Search code examples
pythonregexparentheses

How can i make group 1 differ based on content in the whole string?


In our Python system, I'm trying to isolate the second part of a size to make sure i can save the values separately.

As i got data in tons of different ways i have to take a lot of scenarios into consideration! At the same time our system requires everything to be in group 1 to be identified correctly, which increases the complexity!

This is what i got so far:

(?<=[\/\-])\s*([A-Za-z]+|\w+)+?(?!\d*\s*\)|\d*\)|\w*\))(?!\s*[\/\-]+)

Examples

working

These are my examples working:

110/116
S/M
S / M
S/M(32-34)
110/116(10-12y)
110/116(S/M)

not working

However my regex only functions correctly on the above examples.

Following 7 are causing issues:

S/M / L /XL
S / M / L / XL
S/M / L/XL
S/M/L/XL
S/M/L/XL(30-32)
S/M / L/XL(30-32)
S/M / L / XL(30-32)

How can I capture those cases as in below table:

Case Input Expected capture in group 1
1 S/M / L /XL "L /XL"
2 S / M / L / XL "L / XL"
3 S/M / L/XL "L/XL"
4 S/M/L/XL "L/XL"
5 S/M/L/XL(30-32) "L/XL"
6 S/M / L/XL(30-32) "L/XL"
7 S/M / L / XL(30-32) "L / XL"

Issue

How can I capture a "/" in the middle including the whole part after (like /XL) but without any following parentheses (like not the (30/32)).

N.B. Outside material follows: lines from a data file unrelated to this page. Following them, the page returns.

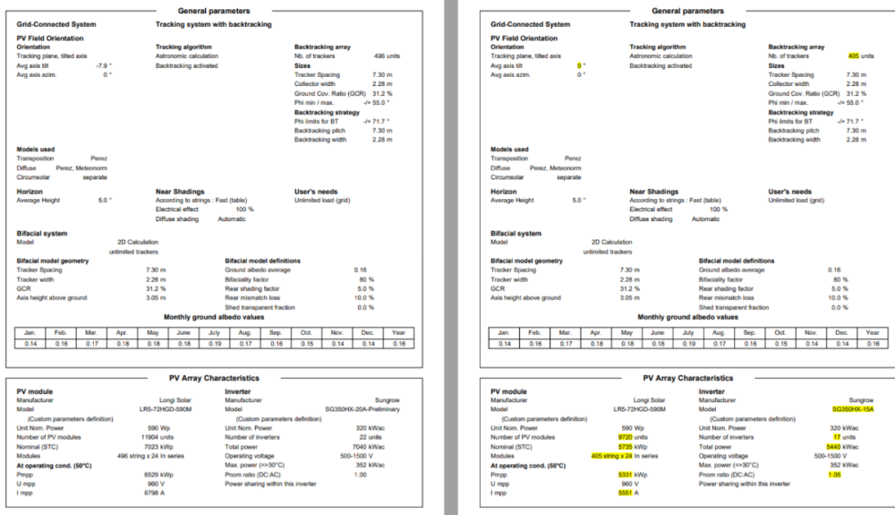 Hi Michele, thank you for your answer. Below you can find the comparison between the "General parameters" pages for the two projects. As for the question about irradiance optimization, I just checked it and it has not been activated in neither of the two simulations. I will also share my projects with you through the mail you have mentioned. Looking forward to having a clearer view on this matter 🙂 -
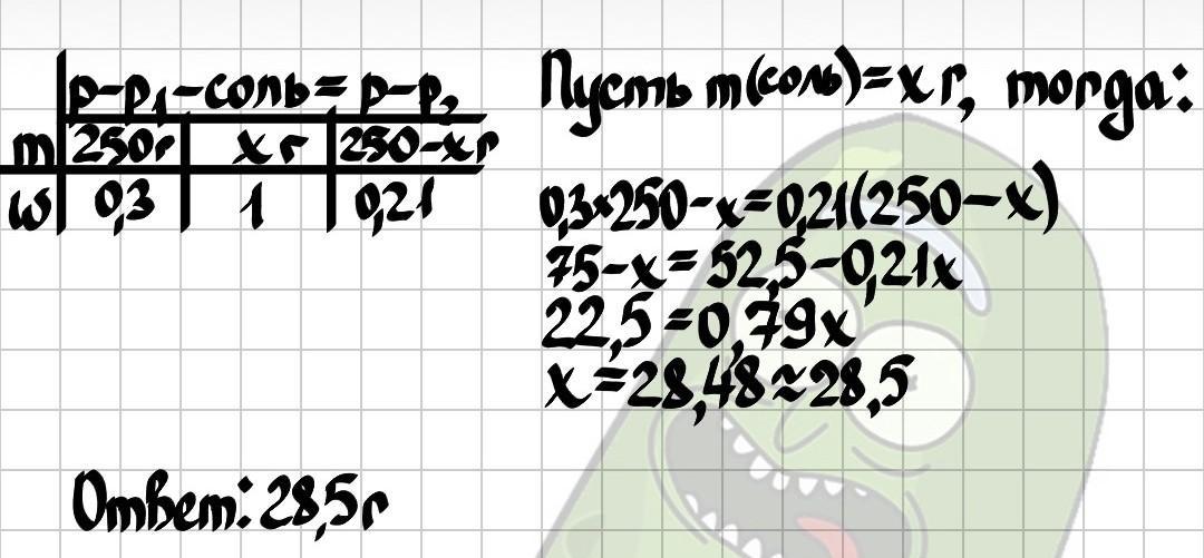 Горячий раствор 250 г с массовой долей соли 30% охладили. В результате выпал кристаллический осадок, не содержащий воды и остался бесцветный раствор. Найдите количество выпавшей в осадок соли (в г), если массовая доля соли в оставшемся растворе стала 21%.
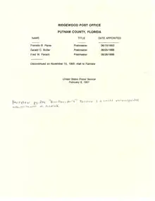 Ridgewood[1][2] is an unincorporated community located in Putnam County, Florida, United States. Situated two miles east of Welaka and 3 1/4 miles southwest of Pomona Park, it is located at latitude 29° 28' 13.8432 North, longitude 81° 38' 43.4400 West. First settled in 1871, by 1883 Ridgewood had a population of 100 with a post office, one store, two steam saw mills and a public school. The hard freezes of the 1890s destroyed most of the citrus crops in the area and as a result the community declined. In the years ahead, a forest fire was said to have destroyed the remainder of the town during the 1920s. All that remains of Ridgewood is a cemetery, now known as the Welaka-Georgetown Cemetery but was once known as Ridgewood Cemetery. Putnam County records show the first burial was recorded in 1917. Mail ran on Monday, Wednesday, Friday and Saturday. Unimproved land sold from $5 to $30 per acre. Application to start a post office by Franklin B Parse was submitted May 30, 1883 to the United States Postal Service, approved and appointed June 15, 1883[3]
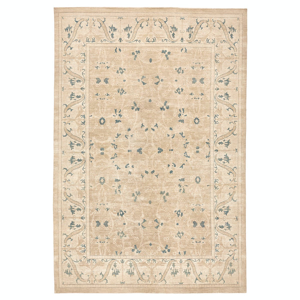 This classic Bamyan wool rug features a delicate Persian-inspired pattern in faded teal hues on a pearly cream ground. Providing a view of the arid landscape of Bamyan, a region in Afghanistan known for its carved sandstone cliffs and deep blue lakes, this rug lends an airy effect to a traditional interior.
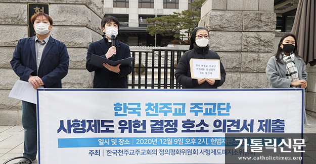 주교회의 정의평화위원회(위원장 배기현 주교) 사형제도폐지소위원회(이하 사폐소위)는 12월 9일 오후 2시 현직 주교단(3월 18일 기준) 전원이 서명한 ‘사형제도 위헌 결정 호소 의견서’를 헌법재판소에 전달했다. 주교단은 2020년 주교회의 춘계 정기총회에서 의견서에 서명했다.

Example for S/M / L / XL(30-32) I want to capture L / XL only.


Solution

  • You can use

    (?<=[/-])\s*([A-Z]+(?:\s*/\s*[A-Z]+)?|\d+)\b(?!\s*[/)-])
    

    See the regex demo. Details:

    • (?<=[/-]) - a position immediately preceded with / or -
    • \s* - zero or more whitespaces
    • ([A-Z]+(?:\s*/\s*[A-Z]+)?|\d+) - Group 1: one or more uppercase letters, and then an optional sequence of a / char enclosed with zero or more whitespaces and then one or more uppercase letters, or one or more digits
    • \b - a word boundary
    • (?!\s*[/)-]) - immediately to the right of the current location, there can't be zero or more whitespaces and then either /, ) or -.